Work request: Pictures don't belong in the copy; print all the records exactly.

(Records from a data source)
%%
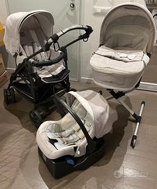Trio compelto inglesina modello “otutto” passeggino, navicella/culla compelta di materassino, ovetto compelto di base per seggiolino auto, attacco universale interscambiambile con tutti gli accessori, compelto di accessorio per posizionare all’occorrenza in casa tutti x gli accessori.
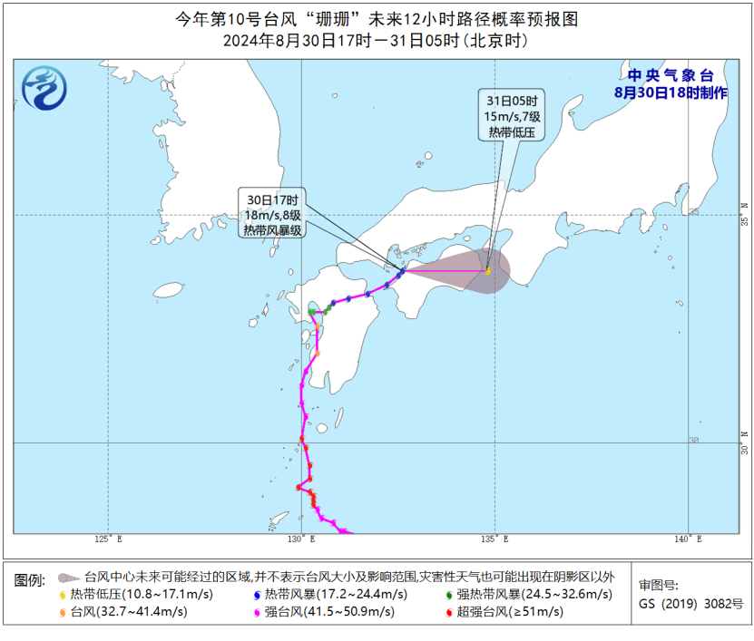 今年第10号台风“珊珊”(热带风暴级)的中心今天(30日)下午5点钟位于日本濑户内海,就是北纬33.8度、东经132.6度,中心附近最大风力有8级(18米/秒),中心最低气压为995百帕。
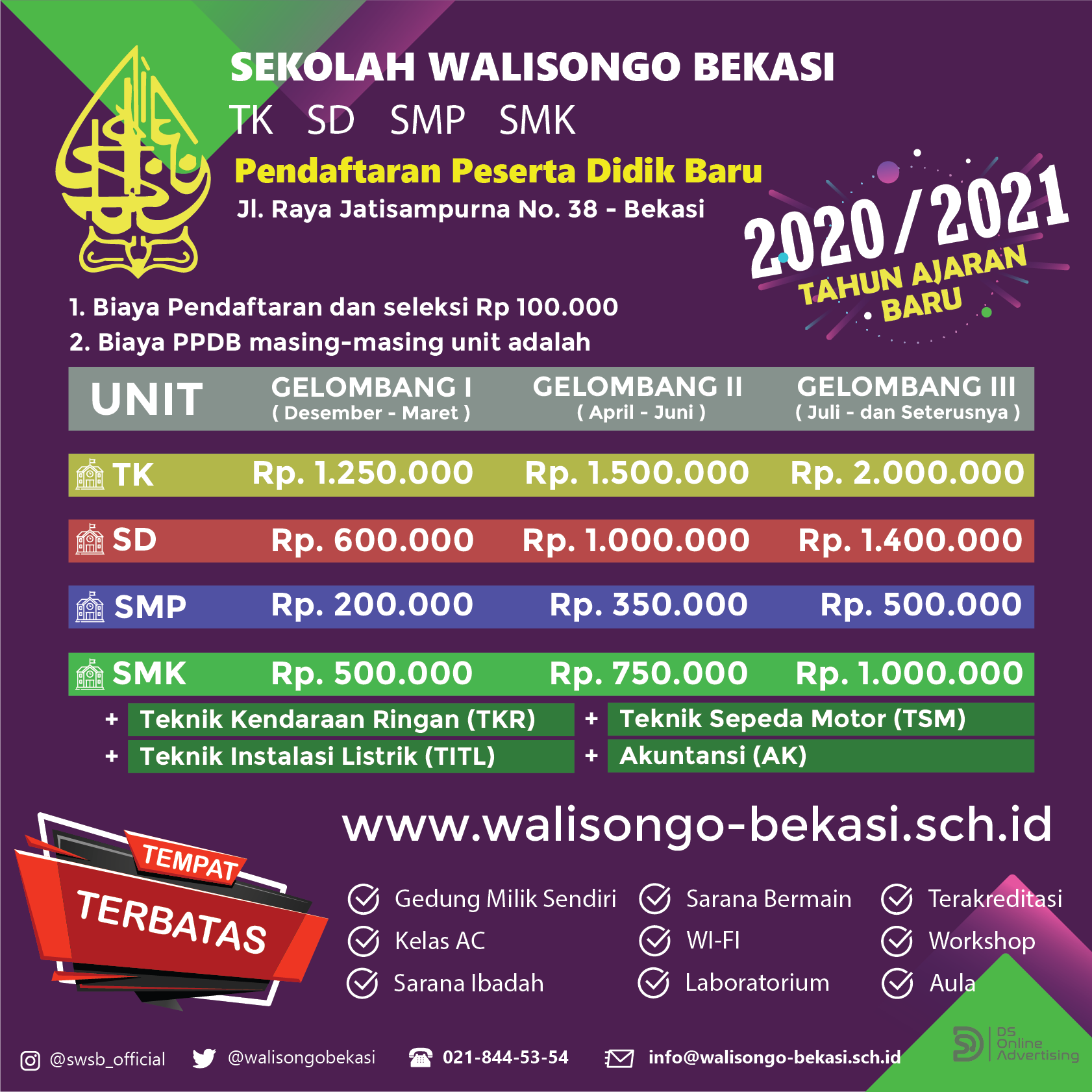 Biaya PSB dibagi menjadi 3 (tiga) gelombang pendaftaran adapun perinciannya, sebagai berikut :
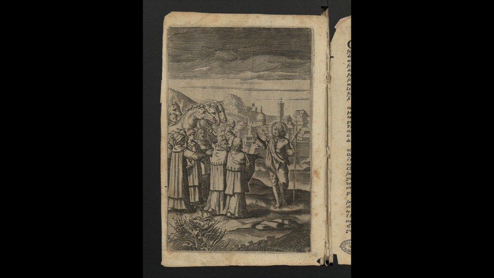 Il racconto evangelico è illustrato dall’incisore Camillo Cungi in due scene. Quella in primo piano, identificata con la lettera A, rappresenta il santo interrogato dai sacerdoti e dai leviti inviati dai Giudei (Gv, 1,19-28). Postagli la domanda «Tu, chi sei?», egli confessò «Io non sono il Cristo» e quando gli chiesero «Chi sei, dunque? Sei tu Elia?», rispose «Non lo sono» e negò anche di essere un altro profeta. All’ennesima richiesta su chi fosse, affermò «Io sono voce di uno che grida nel deserto: Rendete diritta la via del Signore, come disse il profeta Isaia».
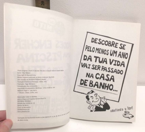 Passas um ano da tua vida na casa de banho. Fumar leva a que os dentes caiam. O teu corpo contém ferro suficiente para se fazer um prego. Ler debaixo do cobertor dá cabo dos olhos.
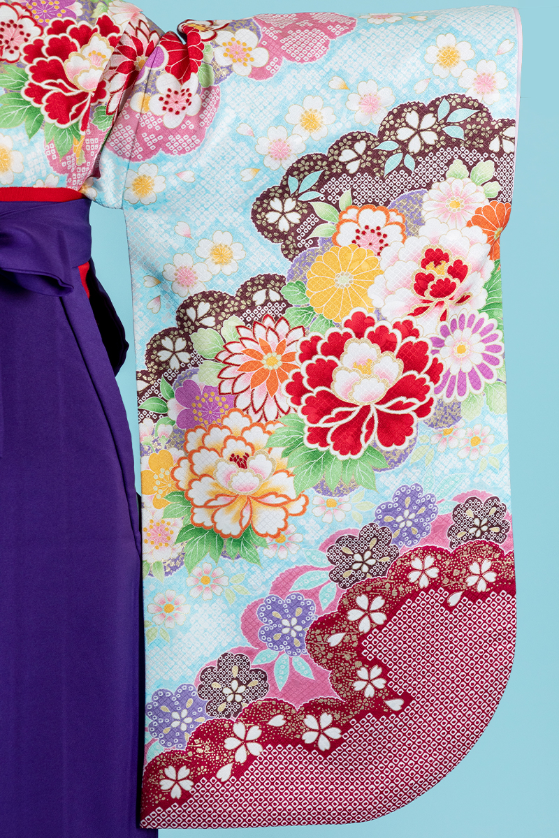 愛らしい疋田絞りの袴です。上品な水色がクラシカルな表情をのぞかせます。
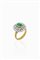 in oro giallo e bianco, al centro smeraldo taglio ottagonale a gradini di ct 1,05 ca e diamanti taglio brillante e taglio trapezio per totale ct 1,10 ca
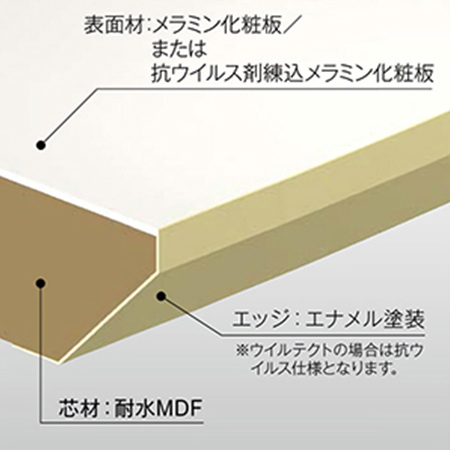 表面材にメラミン化粧板を使用したカウンター。合板・耐水MDFなどの基材に接着剤を塗布し、メラミン化粧板に熱・圧力をかけ、基材形状に合わせて成形したカウンターです。
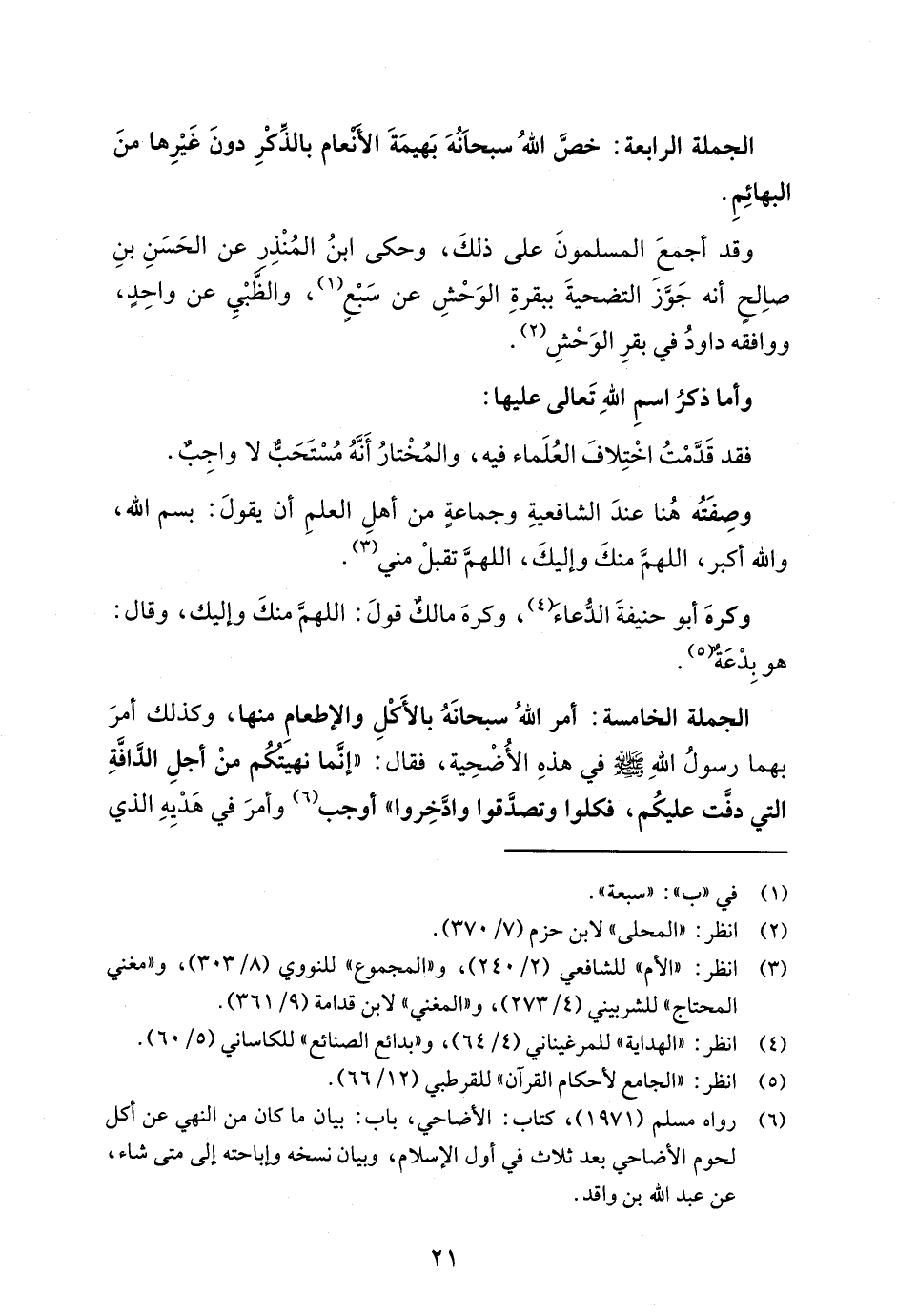 (¬6) رواه مسلم (1971)، كتاب: الأضاحي، باب: بيان ما كان من النهي عن أكل لحوم الأضاحي بعد ثلاث في أول الإسلام، وبيان نسخه وإباحته إلى متى شاء، عن عبد الله بن واقد.
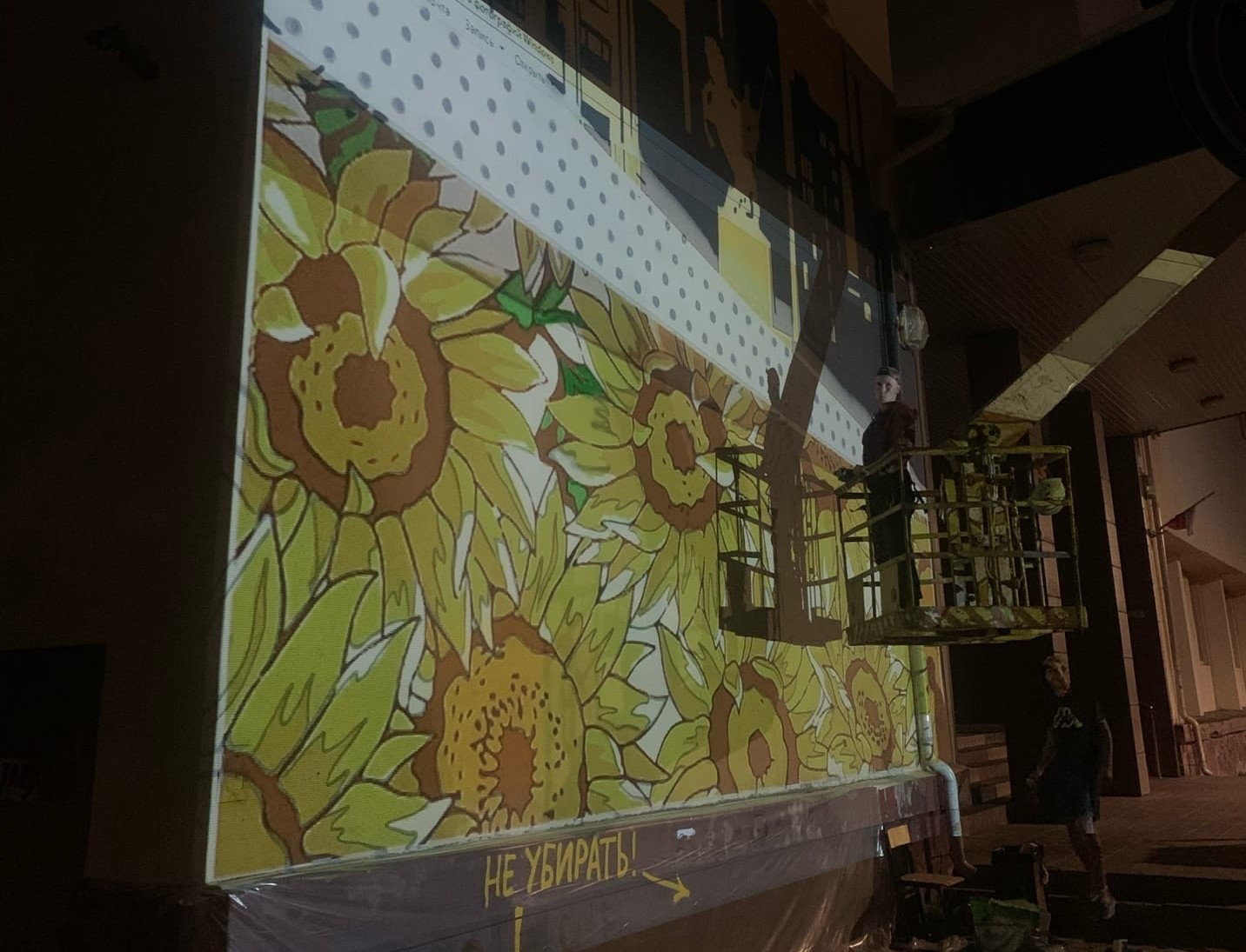 Стену Ивановского политеха украсил текстильный мурал с подсолнухами
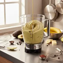 Start blending on low speed, then gradually increase to maximum speed. Blend for about 1-2 minutes until all ingredients are perfectly combined and the mixture becomes smooth, uniform, and shiny. During blending, take one or two breaks to scrape down the mixture from the sides of the container with a silicone spatula. This will ensure that all ingredients are evenly mixed.
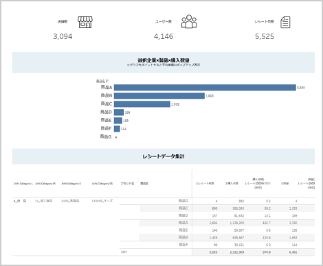 - ⽉間1,000万枚のレシートデータに基づく実購買データから、チャネル横断での「⾃社ブランドおよび競合商品や他カテゴリの分析」が可能
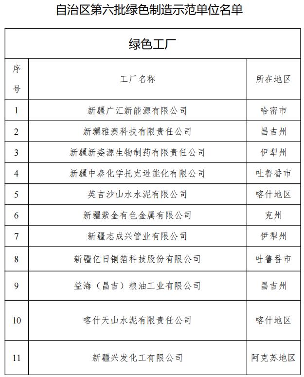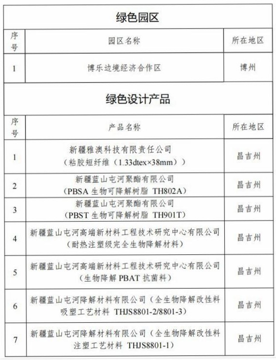 新疆广汇新能源有限公司、新疆雅澳科技有限责任公司、新疆新姿源生物制药有限责任公司、新疆中泰化学托克逊能化有限公司等11家企业入选绿色工厂;新疆雅澳科技有限责任公司 、新疆蓝山屯河聚酯有限公司、新疆蓝山屯河降解材料有限公司等4家企业的7种产品入选绿色设计产品;博乐边境经济合作区入选绿色工业园区。
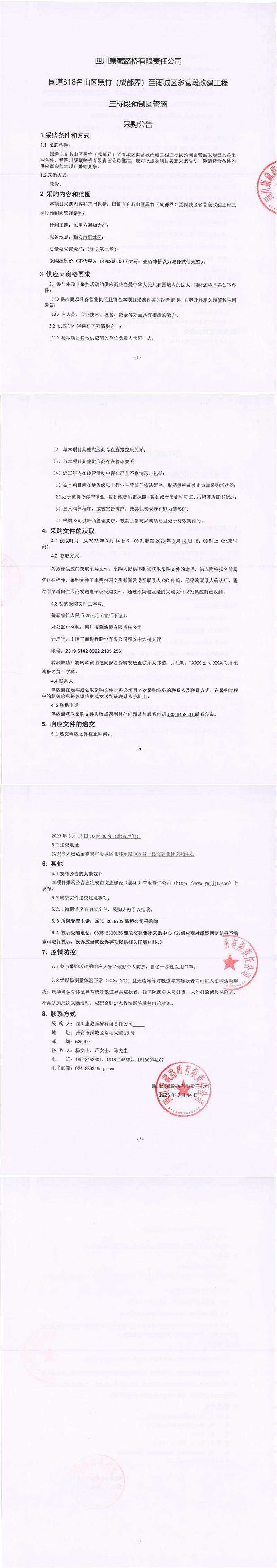 四川康藏路橋有限責(zé)任公司國(guó)道318名山區(qū)黑竹(成都界)至雨城區(qū)多營(yíng)段改建工程三標(biāo)段預(yù)制圓管涵采購(gòu)公告
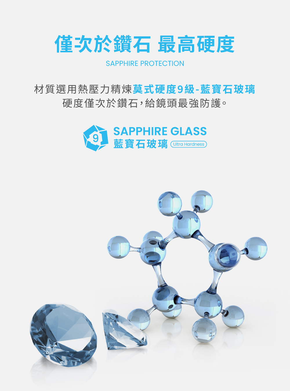 - 材質選用熱壓力精煉莫式硬度9級-藍寶石玻璃,硬度僅次於鑽石,給鏡頭最強防護
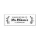 Tampon en caoutchouc personnalisé avec une étiquette de plaque de livre pour enseignant et une bordure de branche rustique. Le texte indique "Veuillez retourner à" personnalisé avec le nom de l'enseignant pour un étiquetage facile de vos livres de classe ou d'autres fournitures. Utilisez les outils de conception pour personnaliser davantage votre propre conception de tampon unique.
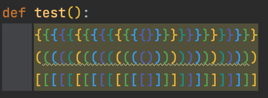 该插件的作用在于能够将括号以不同的颜色标注出来,这样就能够在括号很多的时候,清楚辨别哪个括号是一对,支持多种语言。如下图所示
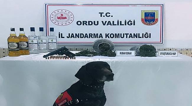Ordu İl Jandarma Komutanlığınca uyuşturucu ile mücadele kapsamında yapılan istihbari çalışmalar sonucu Fatsa İlçesindeyapılan operasyonda; (2) şüpheli şahsın işyeri, ev ve eklentisinde yapılan aramada (530) gram kubar esrar, (7) adet extacy hap, (6) litre sahte/kaçak alkollü içecek, (1) adet ruhsatsız tabanca, (13) adet tabanca fişeği ele geçirilmiştir..
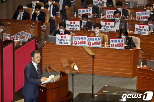 25일 서울 여의도 국회 본회의장에서 문재인 대통령이 2022년도 예산안 시정연설을 하고 있는 가운데 야당 의원들이 피켓팅을 하고 있다. /사진=뉴스1 |
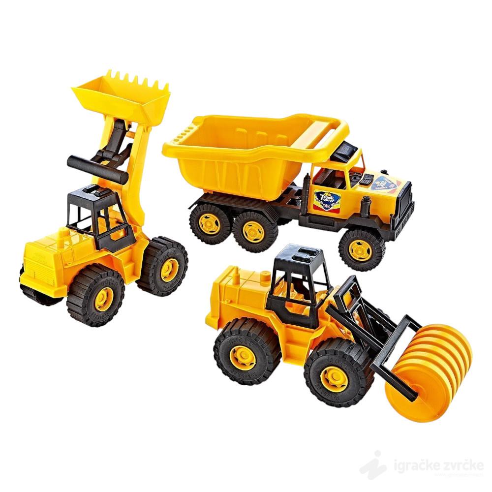 • Veliki set sa kamionom, bagerom i valjkom za ozbiljne gradjevinske radove
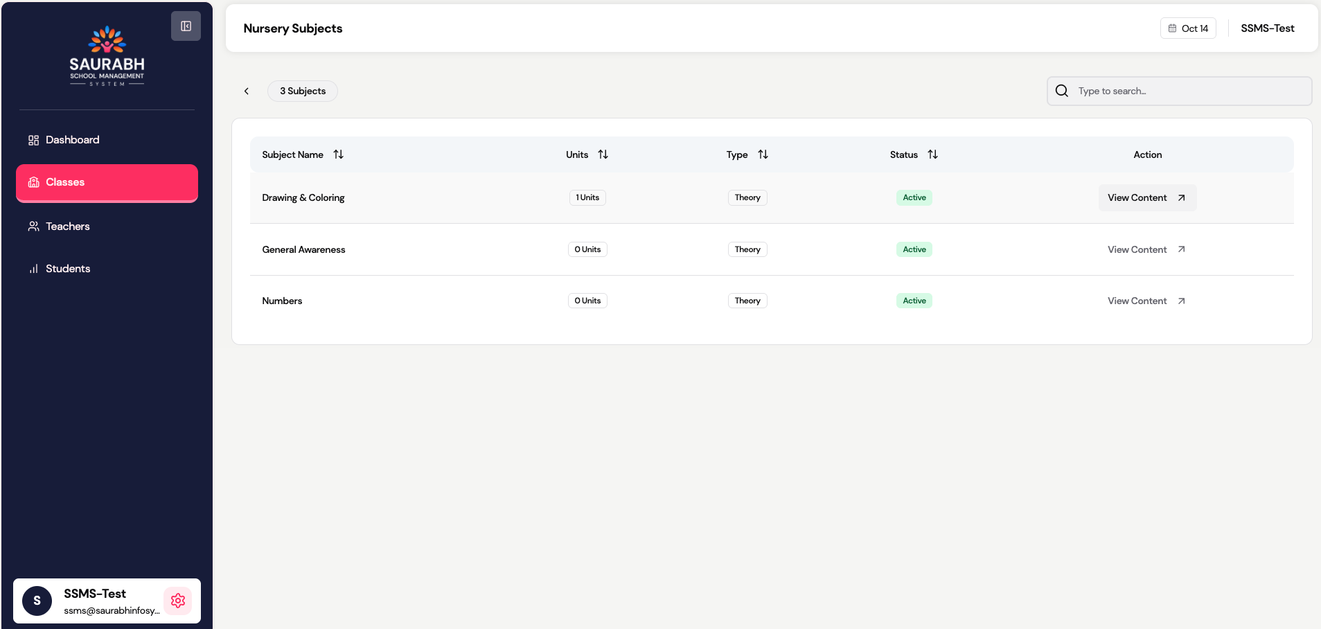 The LMS content creation follows a class-first navigation flow. Users must first select a class, then open a subject before creating or managing learning content.
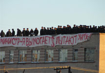 В субботу началась акция протеста заключенных колонии. Они захватили вышку в промзоне, на которой вывесили плакат "Люди, помогите". Кроме того, с крыш зданий колонии вывесили баннеры с сообщениями об акции протеста с участием 1500 человек против пыток и вымогательств. По словам очевидцев, один человек упал с вышки.
%%
Solution:
Trio compelto inglesina modello “otutto” passeggino, navicella/culla compelta di materassino, ovetto compelto di base per seggiolino auto, attacco universale interscambiambile con tutti gli accessori, compelto di accessorio per posizionare all’occorrenza in casa tutti x gli accessori.
 今年第10号台风“珊珊”(热带风暴级)的中心今天(30日)下午5点钟位于日本濑户内海,就是北纬33.8度、东经132.6度,中心附近最大风力有8级(18米/秒),中心最低气压为995百帕。
 Biaya PSB dibagi menjadi 3 (tiga) gelombang pendaftaran adapun perinciannya, sebagai berikut :
 Il racconto evangelico è illustrato dall’incisore Camillo Cungi in due scene. Quella in primo piano, identificata con la lettera A, rappresenta il santo interrogato dai sacerdoti e dai leviti inviati dai Giudei (Gv, 1,19-28). Postagli la domanda «Tu, chi sei?», egli confessò «Io non sono il Cristo» e quando gli chiesero «Chi sei, dunque? Sei tu Elia?», rispose «Non lo sono» e negò anche di essere un altro profeta. All’ennesima richiesta su chi fosse, affermò «Io sono voce di uno che grida nel deserto: Rendete diritta la via del Signore, come disse il profeta Isaia».
 Passas um ano da tua vida na casa de banho. Fumar leva a que os dentes caiam. O teu corpo contém ferro suficiente para se fazer um prego. Ler debaixo do cobertor dá cabo dos olhos.
 愛らしい疋田絞りの袴です。上品な水色がクラシカルな表情をのぞかせます。
 in oro giallo e bianco, al centro smeraldo taglio ottagonale a gradini di ct 1,05 ca e diamanti taglio brillante e taglio trapezio per totale ct 1,10 ca
 表面材にメラミン化粧板を使用したカウンター。合板・耐水MDFなどの基材に接着剤を塗布し、メラミン化粧板に熱・圧力をかけ、基材形状に合わせて成形したカウンターです。
 (¬6) رواه مسلم (1971)، كتاب: الأضاحي، باب: بيان ما كان من النهي عن أكل لحوم الأضاحي بعد ثلاث في أول الإسلام، وبيان نسخه وإباحته إلى متى شاء، عن عبد الله بن واقد.
 Стену Ивановского политеха украсил текстильный мурал с подсолнухами
 Start blending on low speed, then gradually increase to maximum speed. Blend for about 1-2 minutes until all ingredients are perfectly combined and the mixture becomes smooth, uniform, and shiny. During blending, take one or two breaks to scrape down the mixture from the sides of the container with a silicone spatula. This will ensure that all ingredients are evenly mixed.
 - ⽉間1,000万枚のレシートデータに基づく実購買データから、チャネル横断での「⾃社ブランドおよび競合商品や他カテゴリの分析」が可能
 新疆广汇新能源有限公司、新疆雅澳科技有限责任公司、新疆新姿源生物制药有限责任公司、新疆中泰化学托克逊能化有限公司等11家企业入选绿色工厂;新疆雅澳科技有限责任公司 、新疆蓝山屯河聚酯有限公司、新疆蓝山屯河降解材料有限公司等4家企业的7种产品入选绿色设计产品;博乐边境经济合作区入选绿色工业园区。
 四川康藏路橋有限責(zé)任公司國(guó)道318名山區(qū)黑竹(成都界)至雨城區(qū)多營(yíng)段改建工程三標(biāo)段預(yù)制圓管涵采購(gòu)公告
 - 材質選用熱壓力精煉莫式硬度9級-藍寶石玻璃,硬度僅次於鑽石,給鏡頭最強防護
 Tampon en caoutchouc personnalisé avec une étiquette de plaque de livre pour enseignant et une bordure de branche rustique. Le texte indique "Veuillez retourner à" personnalisé avec le nom de l'enseignant pour un étiquetage facile de vos livres de classe ou d'autres fournitures. Utilisez les outils de conception pour personnaliser davantage votre propre conception de tampon unique.
 该插件的作用在于能够将括号以不同的颜色标注出来,这样就能够在括号很多的时候,清楚辨别哪个括号是一对,支持多种语言。如下图所示
Ordu İl Jandarma Komutanlığınca uyuşturucu ile mücadele kapsamında yapılan istihbari çalışmalar sonucu Fatsa İlçesindeyapılan operasyonda; (2) şüpheli şahsın işyeri, ev ve eklentisinde yapılan aramada (530) gram kubar esrar, (7) adet extacy hap, (6) litre sahte/kaçak alkollü içecek, (1) adet ruhsatsız tabanca, (13) adet tabanca fişeği ele geçirilmiştir..
 25일 서울 여의도 국회 본회의장에서 문재인 대통령이 2022년도 예산안 시정연설을 하고 있는 가운데 야당 의원들이 피켓팅을 하고 있다. /사진=뉴스1 |
 • Veliki set sa kamionom, bagerom i valjkom za ozbiljne gradjevinske radove
 The LMS content creation follows a class-first navigation flow. Users must first select a class, then open a subject before creating or managing learning content.
 В субботу началась акция протеста заключенных колонии. Они захватили вышку в промзоне, на которой вывесили плакат "Люди, помогите". Кроме того, с крыш зданий колонии вывесили баннеры с сообщениями об акции протеста с участием 1500 человек против пыток и вымогательств. По словам очевидцев, один человек упал с вышки.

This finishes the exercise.